14. The system as claimed in claim 12, wherein the one or more bounds comprises at least one of a lower limit and an upper limit for the coefficient associated with the independent variable.

15. The system as claimed in claim 12, wherein the coefficient within the CLR model is initialized based on at least one of a predefined criteria that include statistical analysis of historical data sets and heuristic methods to ensure initial conditions are optimized for convergence.

16. The system as claimed in claim 12, further comprise dynamically selecting a learning rate for determining a size of steps taken in a direction of the gradient during the optimization process of the CLR model.

17. (canceled)

18. The system as claimed in claim 12, wherein updating the coefficient further comprises validating the updated coefficient within the received bounds for the coefficient of the independent variable.
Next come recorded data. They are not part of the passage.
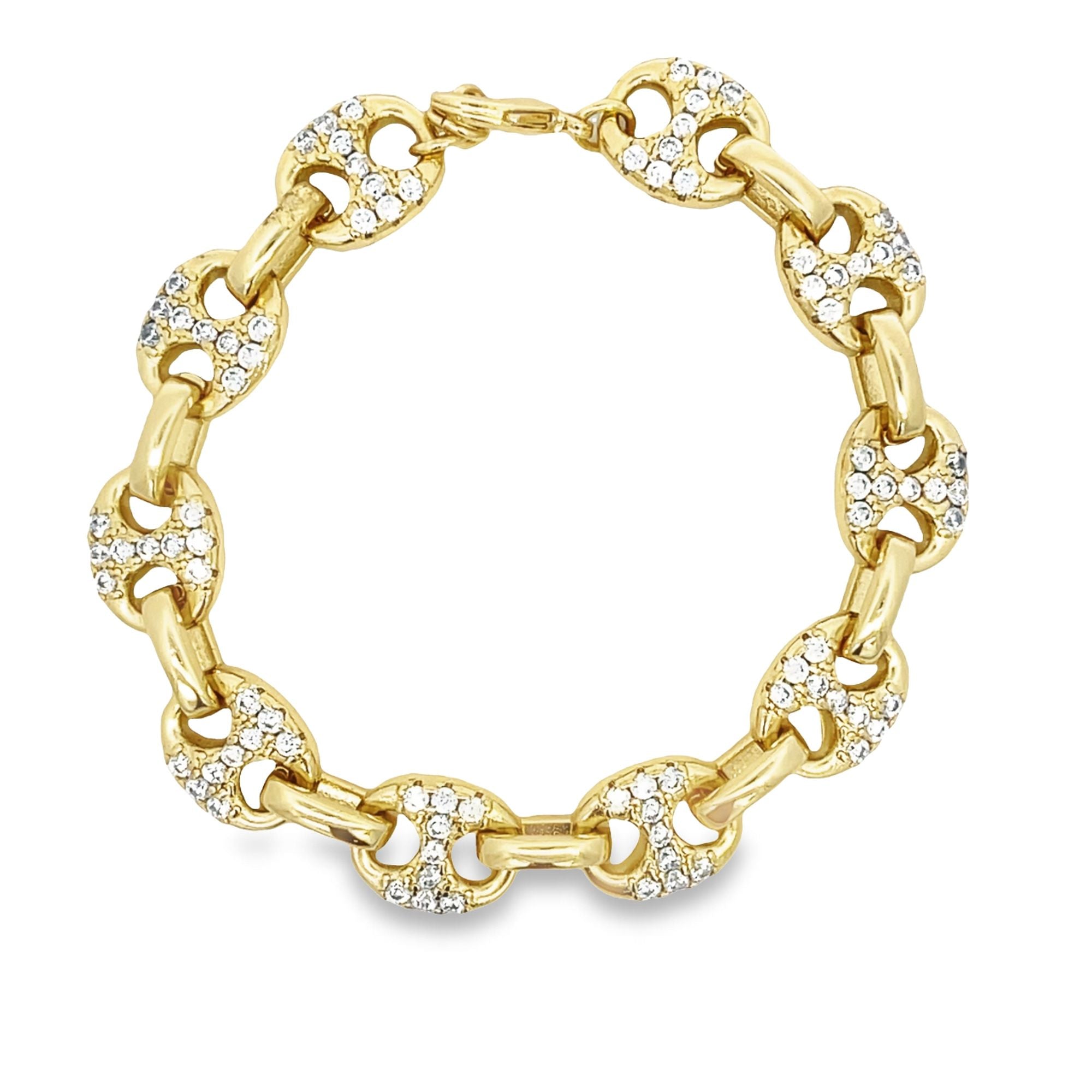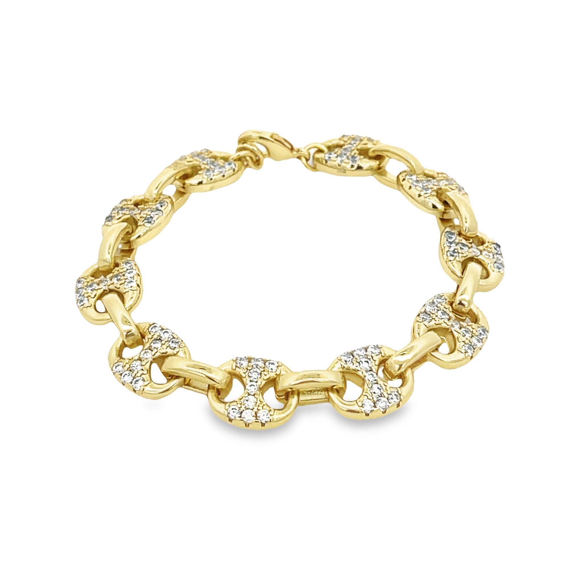 10mm Thick Mariner Link Chain CZ Bracelet (I322)
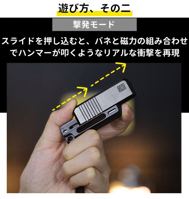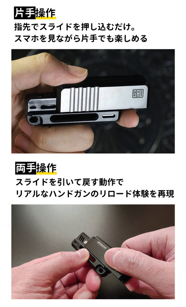 指先でスライドを引き、カチッと鳴る音を楽しみながら、無限に繰り返しリロード動作を行うことができ、何度でも楽しめる新しい体験を提供します。
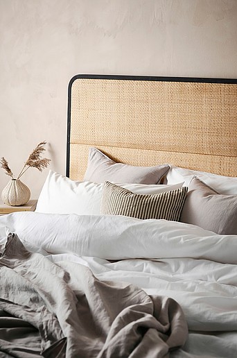 Sänggavel av vitsåpad ek eller matt, svartlackad bok och rotting. De rundade hörnen ger en modern känsla och sänggavlen förnyar ditt sovrum utan att du behöver byta hela sängen. Baksidan av sänggaveln är av plywood och bakom rottingen finns ett mellanlägg av skumgummi. Träblock på ramens insida är av björk. Rotting är ett naturmaterial och kan därför skifta i färg från möbel till möbel. Du kan även behöva klippa bort mindre uppstickande fibrer allteftersom möbeln används. Undvik att placera möbeln nära element, kamin eller andra värmekällor eftersom det kan göra att materialet torkar ut och försvagas. Sänggaveln monteras mot väggen bakom din resårmadrass eller kläms fast mellan väggen och sängen. Väggfäste medföljer. Material: Ek eller bok, björk, rotting, plywood, skumgummi, non woven. Storlek: Bredd 165 cm, höjd 78 cm, djup 3,5 cm. Skötselråd: Torkas av med lätt fuktad trasa. Formgivare: Jotex Design Studio.

19. A non-transitory computer program product having embodied thereon a computer program for optimizing computational resources during training of a Constrained Linear Regression (CLR) model to prevent coefficient updates from exceeding bounds while maintaining convergence speed through dynamic multiplier adjustment, the computer program product storing instructions for:

receive time series sales data for an SKU, wherein the time series sales data comprises information relating to independent variables;

receive one or more bounds for a coefficient of an independent variable, wherein the one or more bounds represent operational constraints related to the independent variable;

fine-tune sensitivity of the CLR model to variations in input data based on a steepness value which is a hyperparameter distinct from a learning rate that controls a velocity of weight updates for the coefficient by regulating coefficient adjustments when approaching the one or more bounds to prevent boundary violations while maintaining model convergence;

for an initial training phase, determine the learning rate for the CLR model and maintaining the learning rate for at least one training phase to evaluate CLR model performance;

determine an update vector based on a number of the independent variables present in the time series sales data, wherein the update vector comprises binary elements that selectively enable coefficient updates based on coefficient proximity to the one or more bounds;

dynamically adjust a stopping criteria for the CLR model optimization process, the stopping criteria comprising at least one of: (i) a specified percentage decrease in a cost function; (ii) an absolute change in the cost function less than a minimum threshold; or (iii) a change in coefficient values between successive iterations less than a predetermined threshold; and, responsive to satisfaction of any one of the stopping criteria, declaring convergence and terminating the optimization of the CLR model;

iteratively optimize the CLR model until convergence, wherein each iteration comprises:

compute a gradient of the cost function with respect to the coefficient;

automatically adjust the learning rate to optimize convergence speed of the CLR model based on performance metrics from the initial training phase;

compute a multiplier for the independent variable based on the gradient, wherein the multiplier is dynamically adjusted based on whether the gradient of the cost function is positive or negative, wherein the multiplier is computed to optimize a response of the CLR model to fluctuating market conditions;

update the coefficient based on the computed gradient, the computed multiplier, the learning rate, and the update vector, wherein the coefficient is updated to improve accuracy of the CLR model in attributing sales outcomes under varying conditions; and

monitor optimization process of the CLR model for convergence based on whether a change in value of the cost function is below a predefined threshold or a maximum number of iterations is reached;

automatically generate an optimized CLR model having model coefficients defined as the updated coefficients that remain constrained within the one or more bounds throughout the iterative optimization process; and

execute the optimized CLR model to generate attributions of sales performance in Revenue Growth Management (RGM) applications.